Crimen y Castigo - Fiódor Dostoyewski
-Hay imbéciles -replicó vivamente Catalina Ivanovna -a los que
no sólo habría que tirar del pelo, sino también que echarlos a la
calle a escobazos..., y no me refiero al difunto precisamente.
Sus mejillas enrojecían cada vez más, la ahogaba la rabia y
parecía a punto de estallar. Algunos invitados reían
disimuladamente: al parecer, les divertía la escena. No faltaban
los que incitaban al de intendencia, hablándole en voz baja: eran
los eternos cizañeros.
-Per...mí...tame preguntarle a... quién se re...fiere usted -dijo el
ex empleado-. Pero no..., no vale la pena... La cosa no tiene
importancia... Una viuda... Una pobre viuda... La per... perdono...

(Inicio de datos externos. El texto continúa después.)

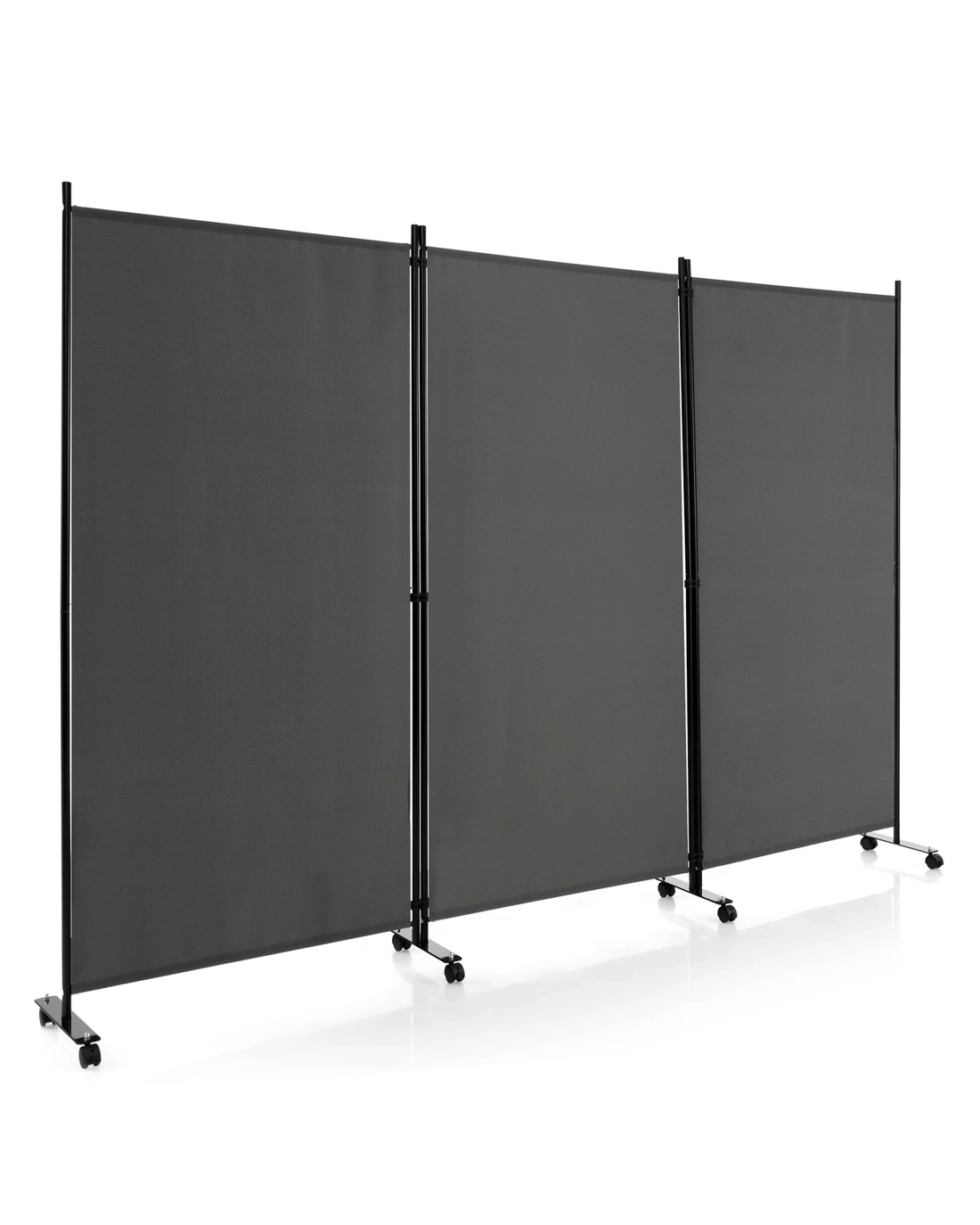 Costway 3 Panels Folding Tall Room Divider Mobile Privacy Screen Wall Partition Home Office - Grey

No se hable más del asunto.
Y se bebió otra copa de vodka.
Raskolnikof escuchaba todo esto en silencio y con una expresión
de disgusto. Sólo comía por no desairar a Catalina Ivanovna,
limitándose a mordisquear los manjares con que ella le llenaba
continuamente el plato. Toda su atención estaba concentrada en
Sonia. Ésta temblaba, dominada por una inquietud creciente, pues
presentía que la comida terminaría mal, y seguía con la vista,
aterrada, los progresos de la exasperación de Catalina Ivanovna.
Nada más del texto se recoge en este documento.